Description:
H.R. 3957 would amend the Internal Revenue Code to allow certain investors to deduct the costs of replanting lost or damaged citrus plants in the year in which the costs are paid or incurred. Under current law, only the taxpayer who incurs the casualty loss to citrus plants or an investor with a minority interest who materially participates in the planting and related activities can deduct the replanting costs in the year of the activity—rather than capitalizing those costs and taking the deductions over a number of years. H.R. 3957 would allow minority owners who do not materially participate in the business to similarly deduct the costs of replanting. The bill would also allow a person who purchases the entire property for the purpose of replanting the lost or damaged citrus plants to take the same accelerated deduction. The provisions would expire for costs paid or incurred after December 31, 2025.
The staff of the Joint Committee on Taxation (JCT) estimates that the legislation would reduce revenues, thus increasing federal budget deficits, by $30 million over the 2016-2026 period.

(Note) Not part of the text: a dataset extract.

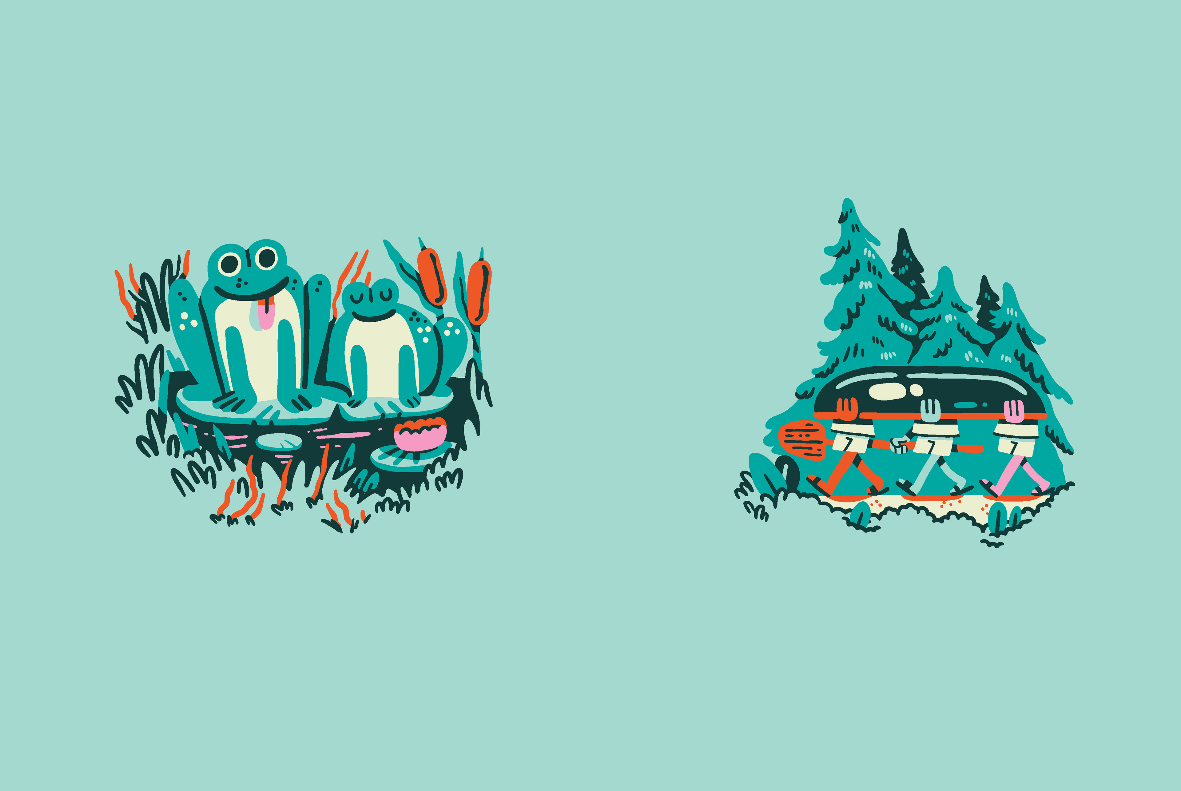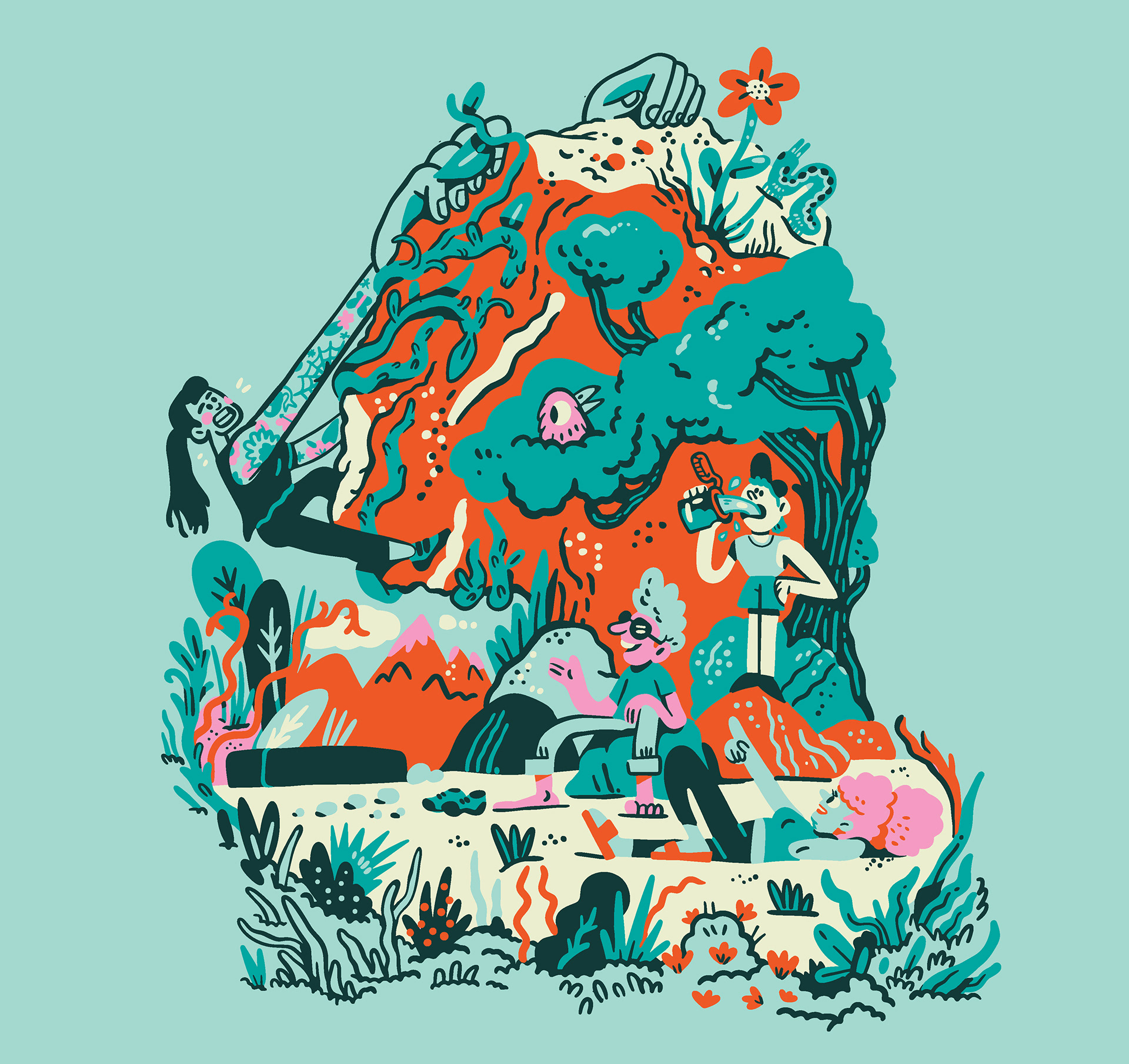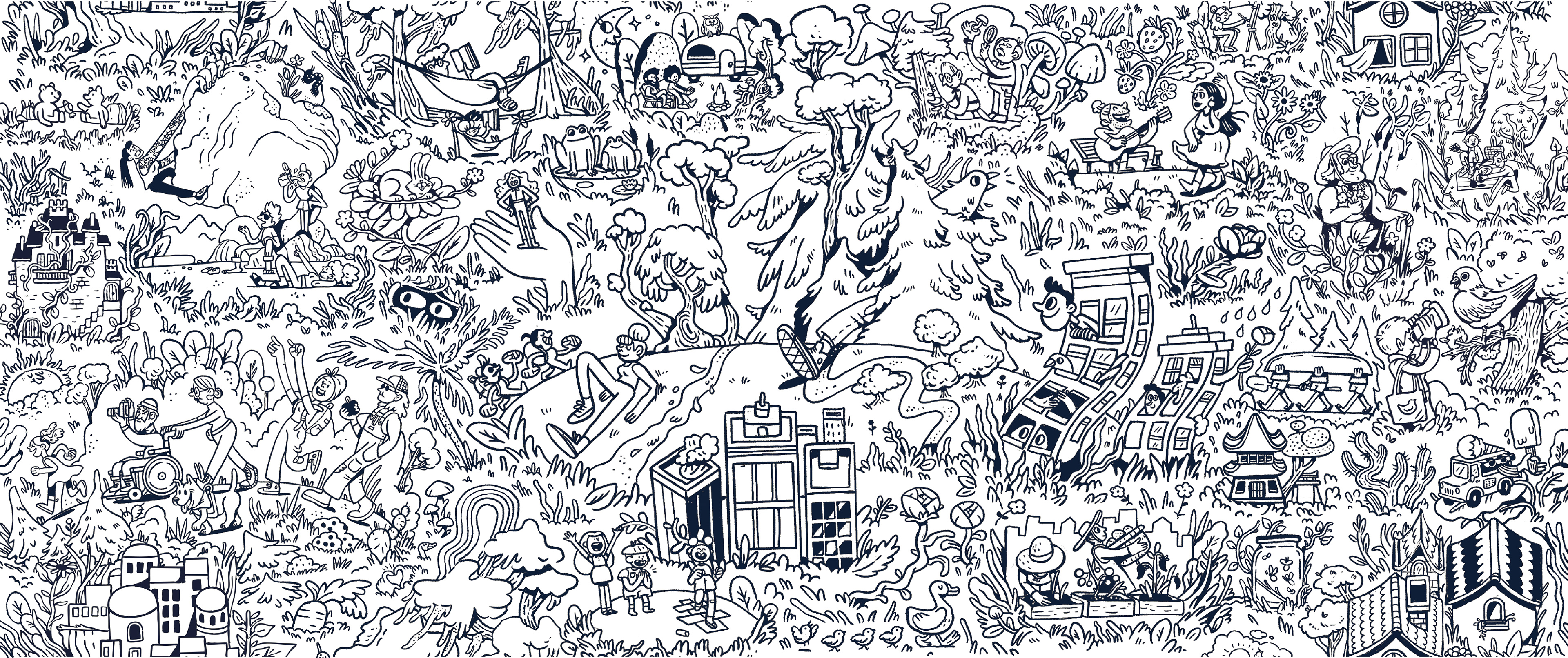The ENO creative crew knew they wanted depictions of community and it's relationship to the outdoors; all the lovely things people can do in nature, even if it's an urban garden or a park surrounded by buildings. After testing out a few ideas, we landed on some sketches for the style that felt right, and I began to build out scene by scene, piecing them together meticulously. As I worked, I found myself resizing multiple times to fit in more people, more fantastical flora, and more activities. This led to the most detailed illustration I've created thus far! I'm stoked they let me go with such a bold color palette, encouraged me to lean into the goofy characters, and ultimately cheered on maximalist ambitions. ENO hammocks are iconic, and I've been a long-time fan of the brand, so getting to collaborate with them was a dream; it was even better that it benefits a meaningful organization.

The Statutory Pay-As-You Go Act of 2010 establishes budget-reporting and enforcement procedures for legislation affecting revenues and direct spending. Enacting H.R. 3957 would reduce revenues; therefore, pay-as-you-go procedures apply. The net changes in revenues and that are subject to those pay-as-you-go procedures are shown in the following table. Enacting the bill would not affect direct spending.
JCT and CBO estimate that enacting the bill would not increase net direct spending in any of the four consecutive 10-year periods beginning in 2027, and would increase on-budget deficits after 2027 by negligible amounts.
JCT has determined that the bill contains no intergovernmental or private-sector mandates as defined in the Unfunded Mandates Reform Act.